PERTANYAAN itu kini semakin sering kita dengarkan di tengah masyarakat. Entah itu saat rapat RT, pengajian kampung, hingga sekadar ngopi bareng dengan tetangga. Sepertinya isu soal rencana kenaikan harga BBM sudah menjadi pergunjingan tiada akhir. Dan, selalu saja masih menyisakan pertanyaan kapan BBM akan naik?
Pertanyaan mendasar dan terkesan biasa. Namun jika tidak kunjung ada kejelasan jawaban, bisa menimbulkan snowball effect yang tidak terkira dahsyatnya. Siapa sangka akibat isu kenaikan harga BBM itu, besok-besok harga cabai melangit, harga sembako lainnya juga turut merangka. Harga BBM saja belum naik, tapi para pedagang sudah memperhitungkan aspek harga distibusi yang dipastikan akan melangit juga.

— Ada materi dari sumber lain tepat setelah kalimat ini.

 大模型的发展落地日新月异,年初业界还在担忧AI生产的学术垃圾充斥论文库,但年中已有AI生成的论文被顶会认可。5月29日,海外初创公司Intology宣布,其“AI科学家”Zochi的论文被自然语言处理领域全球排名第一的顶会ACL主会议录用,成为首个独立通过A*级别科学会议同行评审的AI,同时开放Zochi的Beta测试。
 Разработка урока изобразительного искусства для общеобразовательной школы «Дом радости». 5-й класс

Itu baru dari sisi inflasi, yang saban hari, dirasakan oleh masyarakat. Jika ditarik ke arah yang lebih makro, kira-kira pertanyaannya akan mengarah, sampai kapan APBN akan sanggup untuk mensupport subsidi BBM yang makin membengkak. Bahkan, jika dihitung, subsidi BBM yang mencapai lebih dari Rp240 triliun, jika berhasil dihemat, maka duit itu bisa untuk membangun 6.000 km jalan tol. Luar biasa bukan?

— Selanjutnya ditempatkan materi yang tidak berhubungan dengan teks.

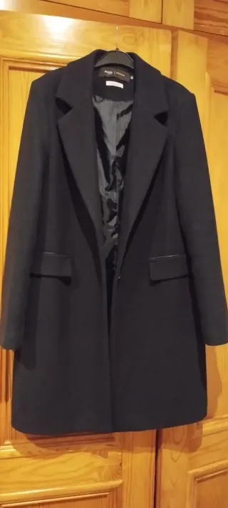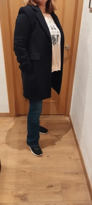 Abrigo de lana para mujer, azul marino, buena calidad, elegante, para la oficina o de fiesta. Puesto una vez. Se vende por cambio de talla. - Diseño clásico. - Bolsillos frontales con detalle. Bolsillos laterales funcionales. - Forro interior satinado. - Cierre en 2 botones.

Tidak hanya itu saja. Persoalan harga BBM, rupanya juga ikut menjerat BUMN perminyakan kita, Pertamina. Betapa tidak, jumlah kendaraan yang mesti dilayani mencapai 100 juta kendaraan. Sedangkan Pertamina dan jaringannya saat ini memiliki 5.027 SPBU di 33 provinsi. Belum lagi, Pertamina juga mesti menyiapkan sistem dan perangkat untuk melakukan monitoring dan pengendalian BBM. Pertamina merasa perlu menerapkan sistem monitoring dan pengendalian (SMP) BBM ini karena diyakini penyaluran BBM PSO berpotensi melampaui kuota penugasan 2013 ini yaitu volume premium diprediksi over 7,8 persen dan minyak solar over 16,9 persen.
Presiden SBY dalam kesempatan pidato di Musrenbangnas, Selasa 30 April 2013, hanya menyebutkan bahwa pengurangan subsidi BBM adalah sesuatu yang perlu dilakukan. Namun, sinyalnya baru akan terlihat pada masa pembahasan APBN-P mendatang.

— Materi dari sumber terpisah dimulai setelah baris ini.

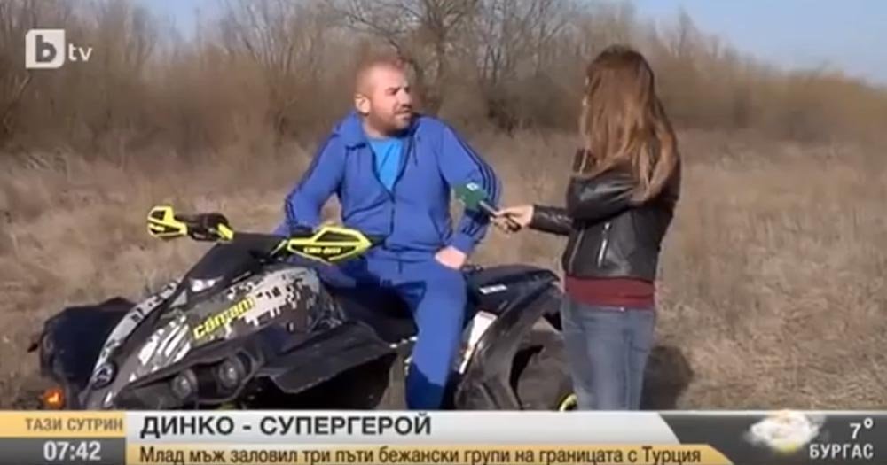Így van ezzel egy Dinko Valev is, aki az elmúlt hónapokban 25 migránst fogott el a bolgár–török határ mellett, Dolno Jabalkovónál. A férfit azonnal felkapta a bolgár média – annál is inkább, mert kézzel fogható bizonyítékai voltak arra, hogy a migránsokat valóban elfogta: videót készített róluk, amiben ki is kérdezte őket.

Kini masyarakat masih menunggu kapan BBM akan naik. Selanjutnya, apakah kenaikan itu akan tetap menerapkan dua harga ataukah satu harga? Dan yang pasti, adakah dana kompensasi yang bakal diterapkan sebagai pendamping untuk warga terdampak kenaikan harga BBM ini.
Jika saja, pemerintah berani mengambil keputusan lebih cepat, maka diyakini dampak negatifnya secara sosial dan ekonomi akan lebih sedikit. Namun, karena hingga kini keputusan itu juga tidak kunjung ada, sudah pasti risiko sosialnya dirasakan akan makin besar dibandingkan dengan risiko ekonominya. Bagaimanapun semakin dekat dengan pesta demokrasi, Pemilu 2014, semua hal akan dipolitisasi.
Kita masih menunggu keberanian pemerintah, demi kebaikan masa depan negeri ini.